Network Load Balancing Services (NLBS) is a Microsoft implementation of clustering and load balancing that is intended to provide high availability and high reliability, as well as high scalability.  NLBS is intended for applications with relatively small data sets that rarely change (one example would be web pages), and do not have long-running in-memory states.  These types of applications are called stateless applications, and typically include Web, File Transfer Protocol (FTP), and virtual private networking (VPN) servers.  Every client request to a stateless application is a separate transaction, so it is possible to distribute the requests among multiple servers to balance the load. 
One attractive feature of NLBS is that all servers in a cluster monitor each other with a heartbeat signal, so there is no single point of failure. 

In its current incarnation in Windows Server 2003, NLBS does not support automatic removal of a failed server from a cluster unless the server is completely offline, or if its NLBS service is stopped.
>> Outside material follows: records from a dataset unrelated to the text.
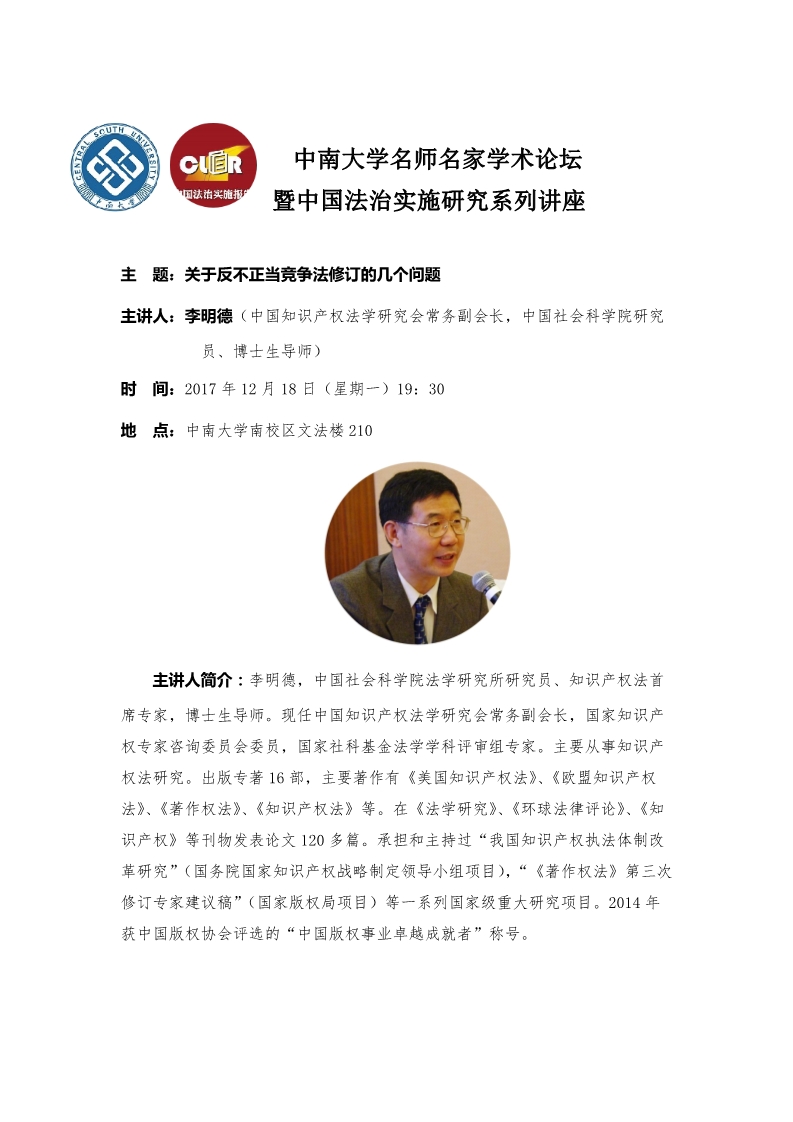 【bevictor1946韦德官网名师名家学术论坛】李明德:关于反不正当竞争法修订的几个问题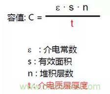 由公式可以看出,容值的大小和介電常數(shù),有效面積,電介質(zhì)厚度,堆積層數(shù)有關(guān)。介電常數(shù)越高有效面積越大極板厚度越小堆積層數(shù)越多,容值越大。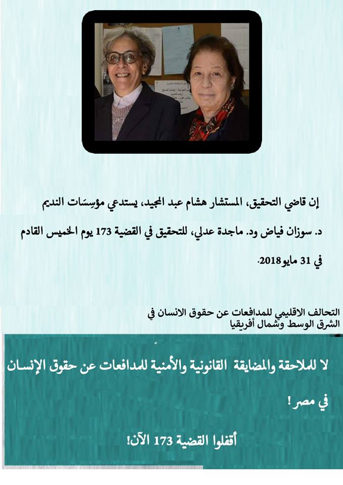 مصر: لا للمضايقةِ القانونيةِ للمدافعتينِ د.سوزان فياض ود.ماجدة عدلي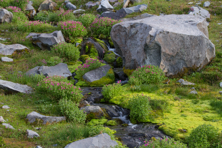 The trail descended steeply at first and crossed a few more snow fields before dropping into the neon green alpine meadows of Summerland (5940 ft), our last backcountry camp of the trip. The area surrounding Summerland was very picturesque with pleasant meandering streams lined with monkey flower and pink heather, plump marmots frolicking about and close up views of Rainier and Little Tahoma.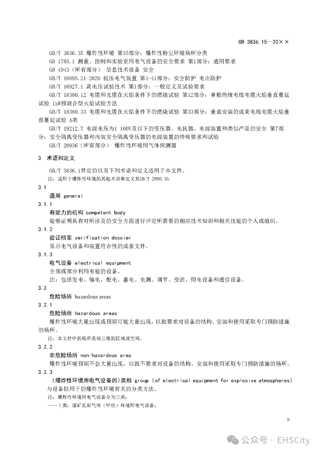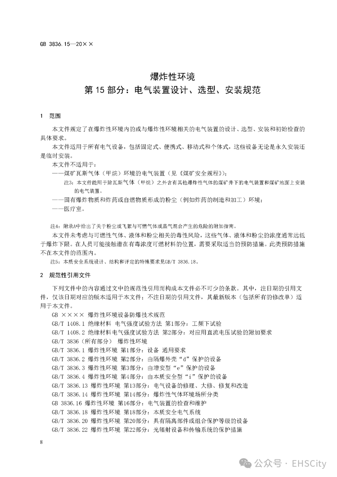 GB3836.15-20××《爆炸性環(huán)境第15 部分:電氣裝置設(shè)計(jì)、選型、安裝規(guī)范》征求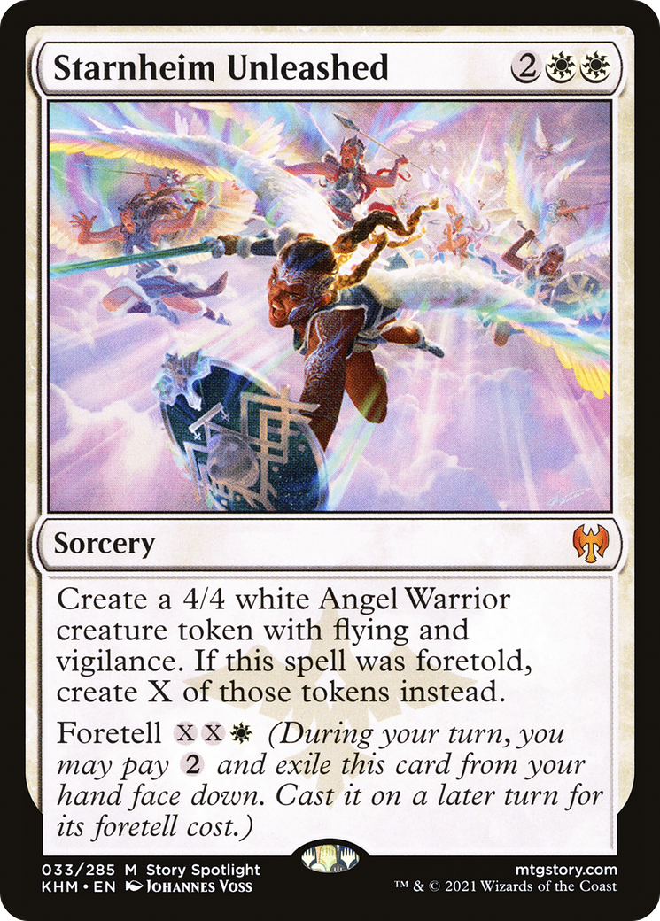 Create a 4/4 white Angel Warrior creature token with flying and vigilance. If this spell was foretold, create X of those tokens instead.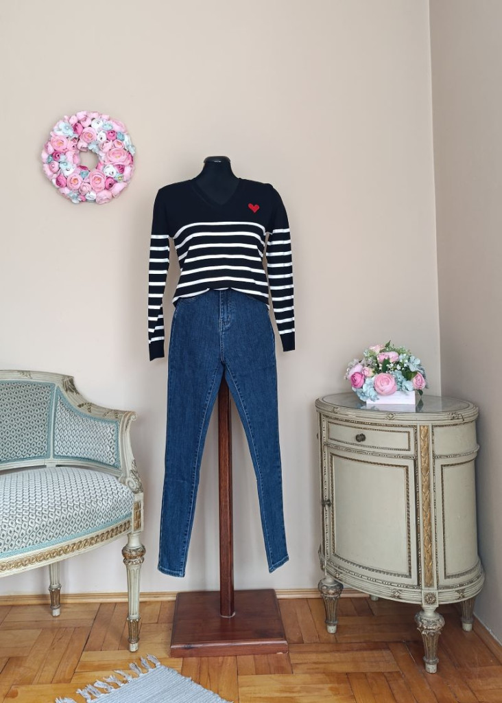Csíkos pulcsi fekete-fehér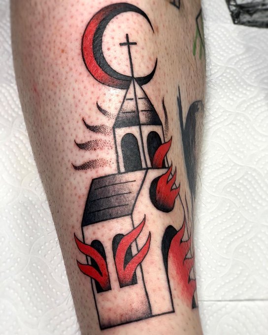 1 1 Burning church done by @TJmuray For bookings or to discuss your tattoo idea e-mail us on: k.brotherstudio@gmail.com Gift Vouchers: kbrothersstudio.bigcartel.com #Church #burning #Inktober #inkypages 22/10/31 21:51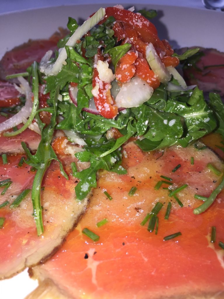 Beef Carpaccio – Peperonata, sweet mayo onion, radish, chive, baby arugula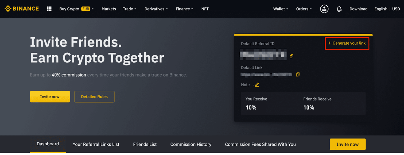 By introducing friends to use Binance through your referral code, you can earn a commission from Binance. To check the detailed information on the Referral Program, click here.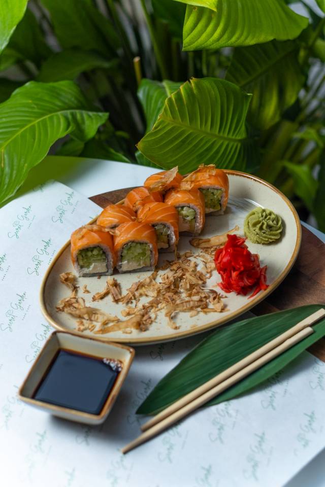 Düyü, krem pendir, xiyar, avokado, çiy qızılbalıq, krevet, nori, unagi sousu, manqo sousu, küncüt toxumu.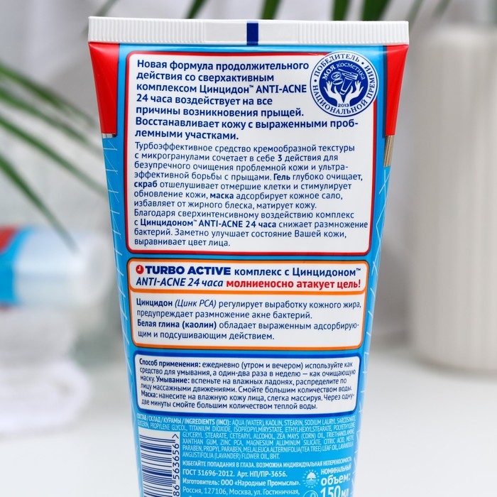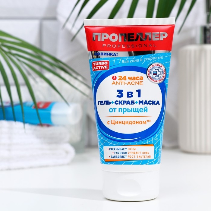 Гель + скраб + маска от прыщей "Пропеллер" Turbo active 3 в 1, 150 мл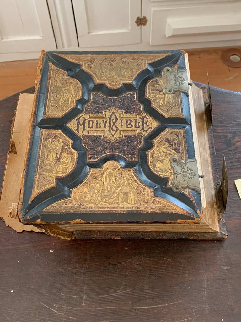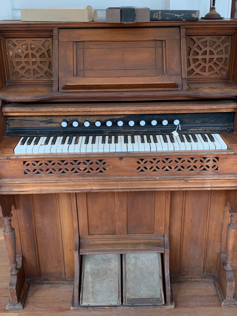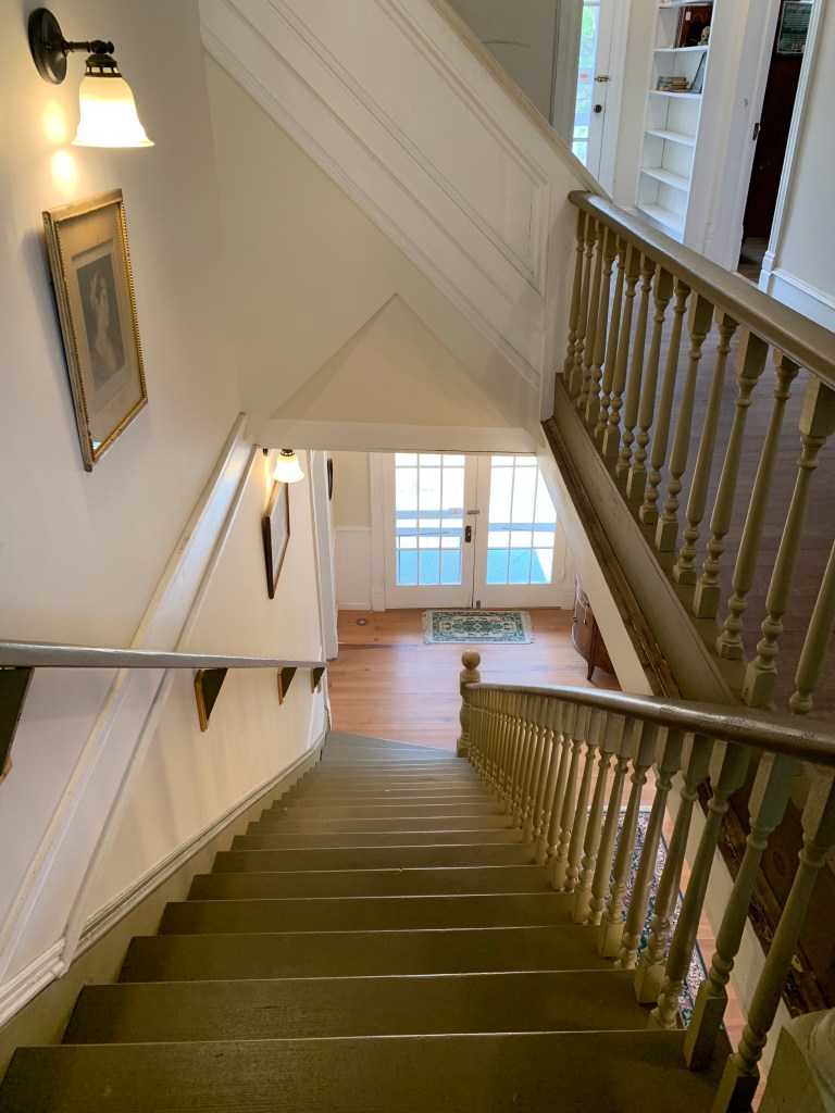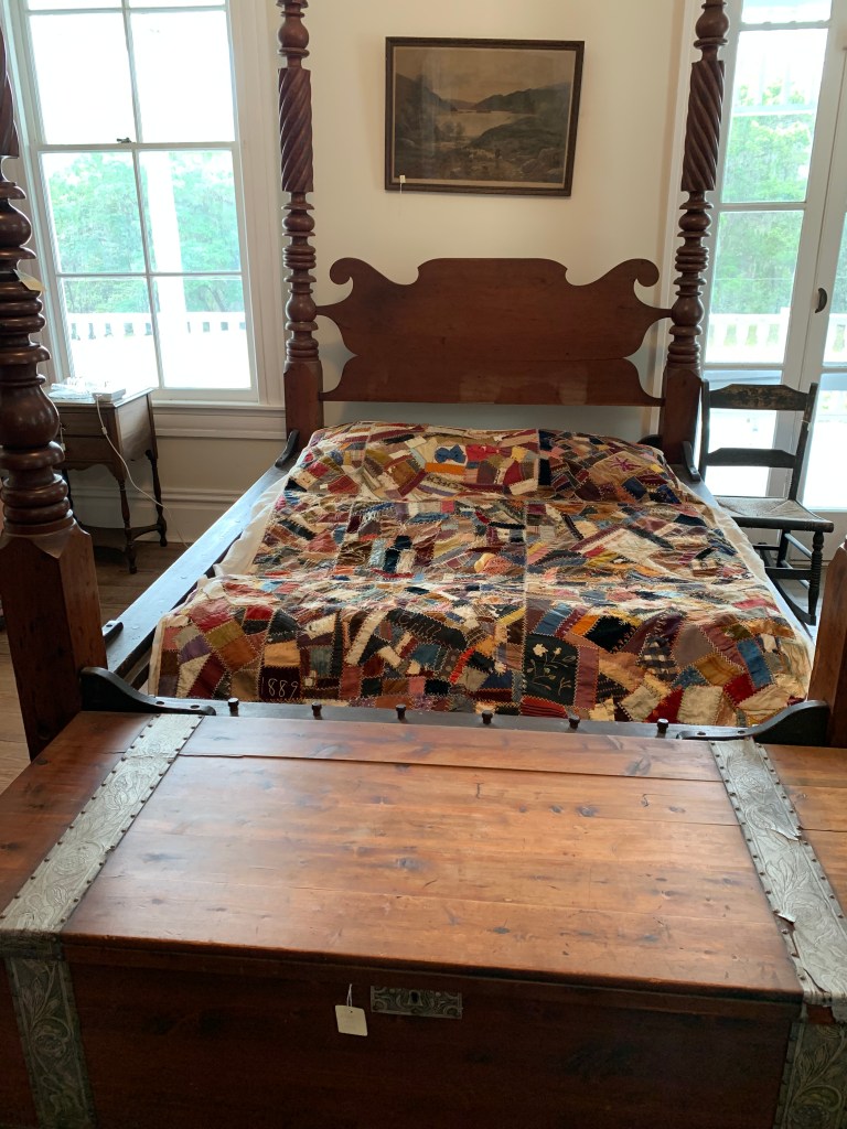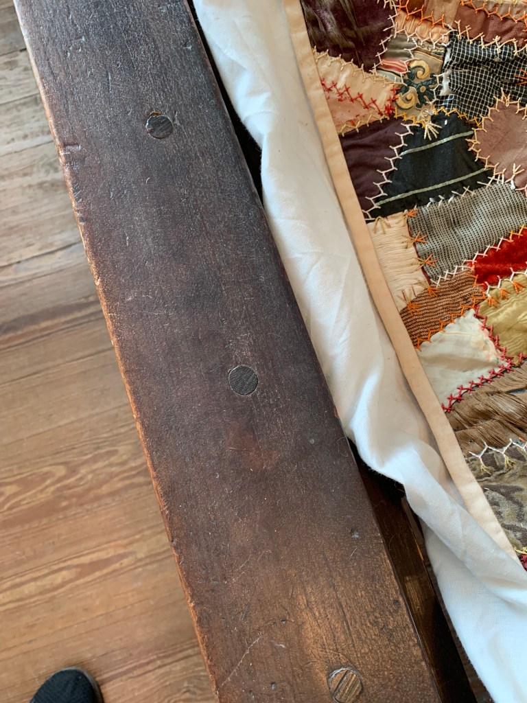 Since the interior is currently under restoration, there are rooms you can’t even enter because the floors are sagging and considered hazardous. I’m a little amazed the bedroom we walked through was considered safe because the floor clearly listed to one side (which is also evident in the slightly off-kilter photos of the bed). Even so, there were pieces I’m glad we were able to see up close – like the original pegs in the bed frame.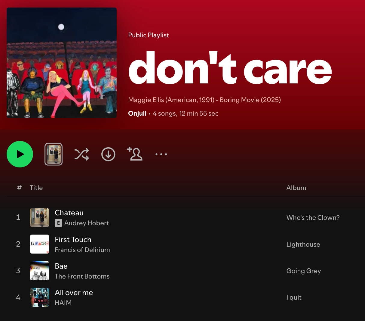 Not much to say about HAIM except I also had All Over Me, lowkey slut anthem, on a road trip playlist yesterday when Mik drove us all out to the lake and it felt like a crowd pleaser.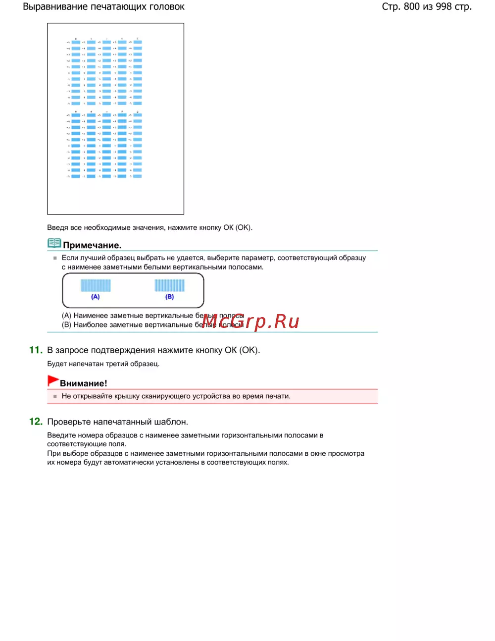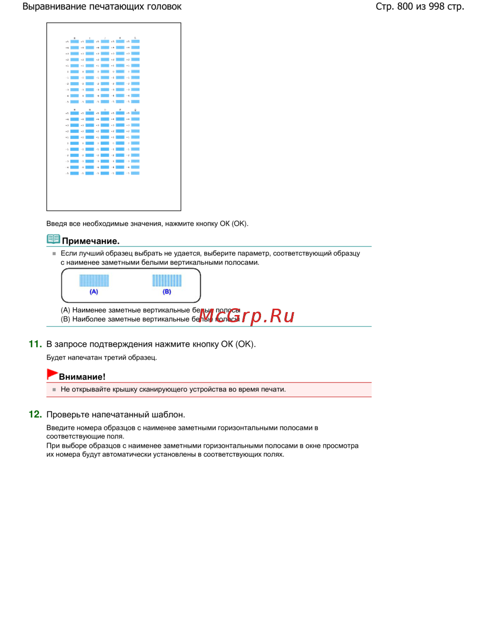 Canon Pixma MG5140 — инструкция по выравниванию печатающих головок и выбору образцов [800/998]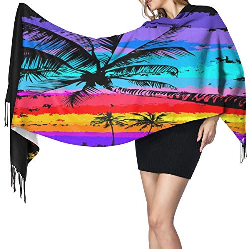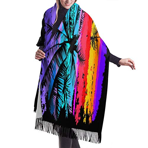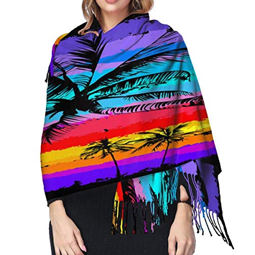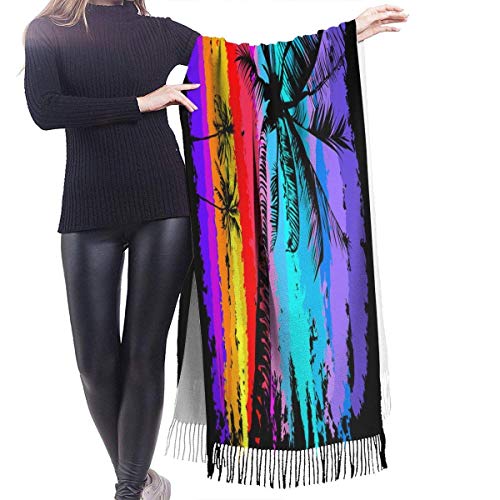 Palm Rainbow Coconut Tree Tropical Wrap Bufanda Invierno Cálida Cachemira Chal Bufanda Portátil Ligero Pañuelo Cómodo Mujeres Cuello Bufanda Durable Lujosa Bufanda Al Aire Libre Bufanda Para Otoño

For example, if a web server is returning an error page instead of correct content, it is still perceived as "alive" by NLBS. As such, a monitoring script is typically required on every participating node, which checks the correctness of local web page delivery, and calls the nlb.exe utility to add or remove itself from the cluster as needed.

History
Windows NT Load Balancing Service (WLBS) is a feature of Windows NT that provides load balancing and clustering for applications. WLBS dynamically distributes IP traffic across multiple cluster nodes, and provides automatic failover in the event of node failure. WLBS was replaced by Network Load Balancing Services in Windows 2000.

Auto fail over is also a part in this frame.